O estudo mostra que 48% das mulheres que abortaram usaram algum medicamento e que 55% delas ficaram internadas em razão do procedimento.
O aborto é mais frequente entre as mulheres com baixo nível de escolaridade: 23% daquelas com até o quarto ano do ensino fundamental, contra 12% entre as que concluíram o ensino médio.
A proporção de mulheres que fizeram aborto cresce de acordo com a idade. Vai de 6% (dos 18 aos 19 anos) a 22% entre as de 35 a 39 anos.
"A pesquisa mostra a cara da mulher que aborta. Não é uma outra, é uma de nós. É a nossa colega, a nossa vizinha, a nossa irmã, a nossa mãe. Geralmente, tem companheiro e segue uma religião", afirma a antropóloga Débora Diniz, professora da UnB (Universidade de Brasília) e uma das coordenadoras da pesquisa.

Religião
Na pesquisa, não foram observadas diferenças entre mulheres que pertencem a grupos religiosos distintos.
Para o ginecologista Thomaz Gollop, professor livre docente pela USP, os resultados da pesquisa revelam que os dogmas religiosos estão totalmente dissociados daquilo que acontece na sociedade e que a criminalização do aborto não impede que milhares de mulheres continuem adotando a prática.
Margareth Arrilha, diretora-executiva da CCR (Comissão de Cidadania e Reprodução), afirma que os dados refletem que as mulheres continuam abortando e não encontram respostas nas políticas públicas de saúde. "Estamos vivendo um retrocesso em todas as esferas, no Executivo, no Legislativo e no Judiciário", afirma.

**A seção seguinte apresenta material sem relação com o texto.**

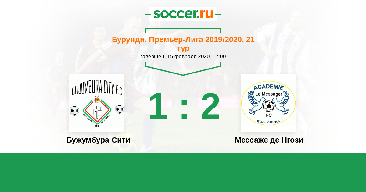 Бурунди. Премьер-лига 15.02.2020 Бужумбура Сити Логотип футбольный клуб Бужумбура Сити 1:2 Логотип футбольный клуб Мессаже де Нгози Мессаже де Нгози

O projeto que trata da descriminalização do aborto está parado na Câmara. A ação que discute se a mulher tem ou não direito a interromper a gravidez em caso de fetos anencéfalos (sem cérebro) ainda não foi votada pelo STF (Supremo Tribunal Federal). E, recentemente, o governo federal retirou o apoio à descriminalização do aborto do Plano Nacional de Direitos Humanos.
O médico Adson França, assessor especial do Ministério da Saúde, diz que a pesquisa reafirma que o aborto é uma questão de saúde pública, "como o ministério tem repetido inúmeras vezes".

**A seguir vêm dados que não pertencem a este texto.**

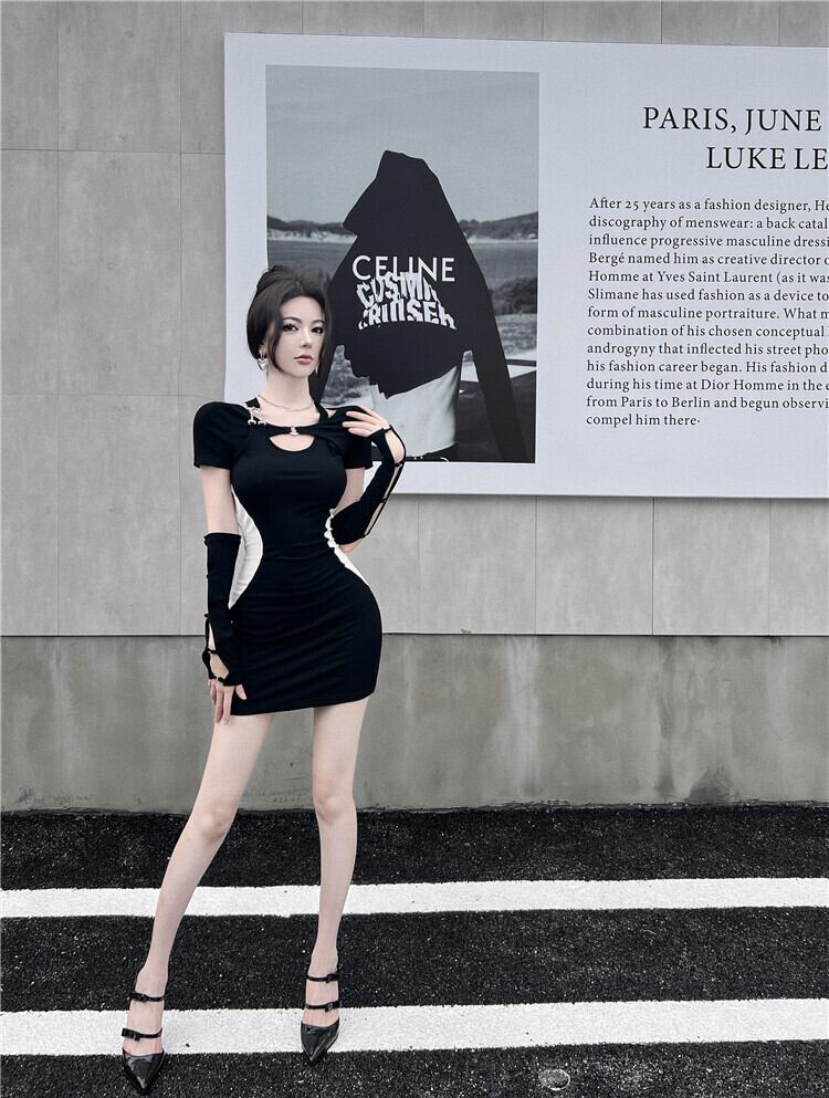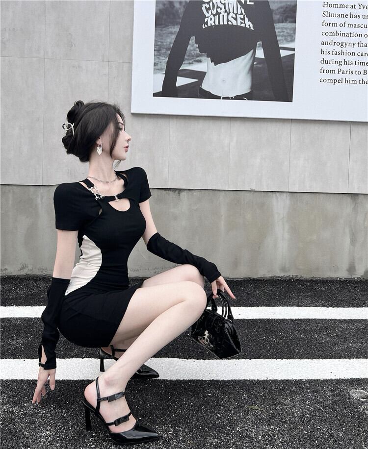 涼し気なレディースダークスタイル初秋今年人気のセクシーヒップパックlワンピース+中空長袖 micat63419374085

França afirma que a pasta atende hoje 34,5 milhões de usuárias do SUS com todos os métodos anticoncepcionais. Isso, diz ele, já começa a refletir no número de abortos.
De 2003 para 2009, houve uma queda de 16,6% no total de curetagens (de 240 mil para 200 mil), a maioria por conta de abortos provocados.

Abortos
Os dados da pesquisa não permitem estimar o número de abortos no país. "É seguramente maior do que o número de mulheres que abortam porque uma mesma mulher pode ter feito mais de um aborto. O número também sobe se as áreas rurais e a população analfabeta forem computadas", explica Débora Diniz, da UnB.
Segundo ela, as analfabetas foram excluídas porque não poderiam preencher o questionário das suas entrevistas, e a zona rural, pelo alto índice de analfabetismo entre mulheres.